The motion for summary reversal is denied.   The judgment is ordered modified to reflect the fine has been stricken.   As modified, the judgment is affirmed.


FN1. All statutory references are to the Penal Code unless otherwise indicated..  FN1. All statutory references are to the Penal Code unless otherwise indicated.

2.   Relevant portions of the transcript from the change of plea hearing are provided below:“THE COURT:  People versus Jones.“․“Mr.
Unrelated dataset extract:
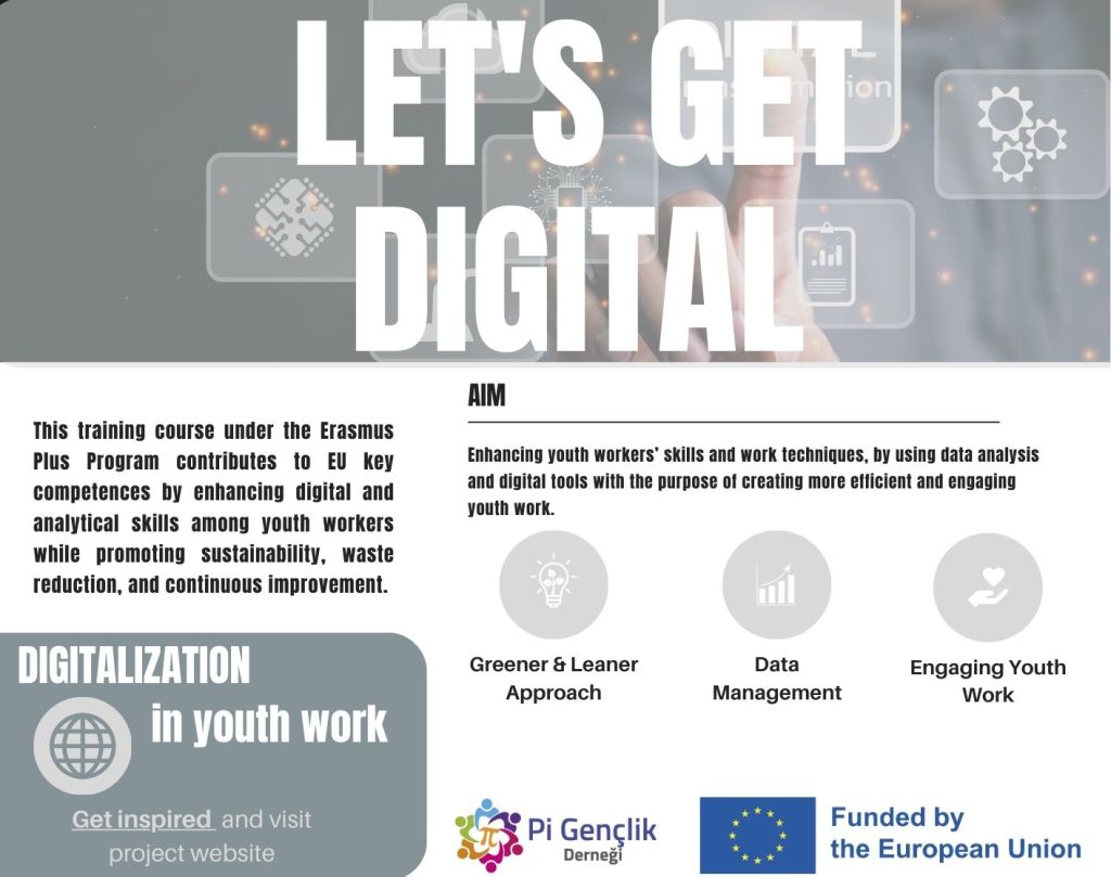 21-27 Eylül 2024 tarihleri arasında Romanya’nın Bükreş şehrinde gerçekleştirilen “Let’s Get Digital” projesi, Türkiye, Macaristan, İtalya, Letonya, Portekiz, İspanya ve Romanya (ev sahibi) gibi çeşitli ülkelerden katılımcıları bir araya getirdi. Bu proje, dijitalleşmenin hızla arttığı günümüzde, gençlik çalışanlarının bu değişime uyum sağlamaları ve gençlere daha etkili destek sunabilmeleri için dijital becerilerle donatılmalarını hedeflemektedir.

Jones, I understand that you are going to plead guilty to the charge of the first count, violation of Section 211 of the Penal Code, a felony, which has a determinate sentence of two years, three years, or five years, and you are pleading for the mid term, three years, and that you are going to admit a five-year prior and a one-year prior, but the one-year prior will be stayed, so the maximum prison time you are looking at is five plus three, or eight years.“Is that your understanding?“DEFENDANT JONES:  Yes, sir.“․“THE COURT:  You understand the maximum term you can get under this plea bargain is eight years in the state penitentiary?“DEFENDANT JONES:  Yes.“․“THE COURT:  May it be further stipulated any judge in the Superior Court may pass sentence in accordance with the plea bargain heretofore struck?“MR. ROSTAIN [District Attorney]:  That the one-year enhancement will be stayed, so stipulated.“MR. WIED [Defense Counsel]:  So stipulated.“DEFENDANT JONES:  Agreed.”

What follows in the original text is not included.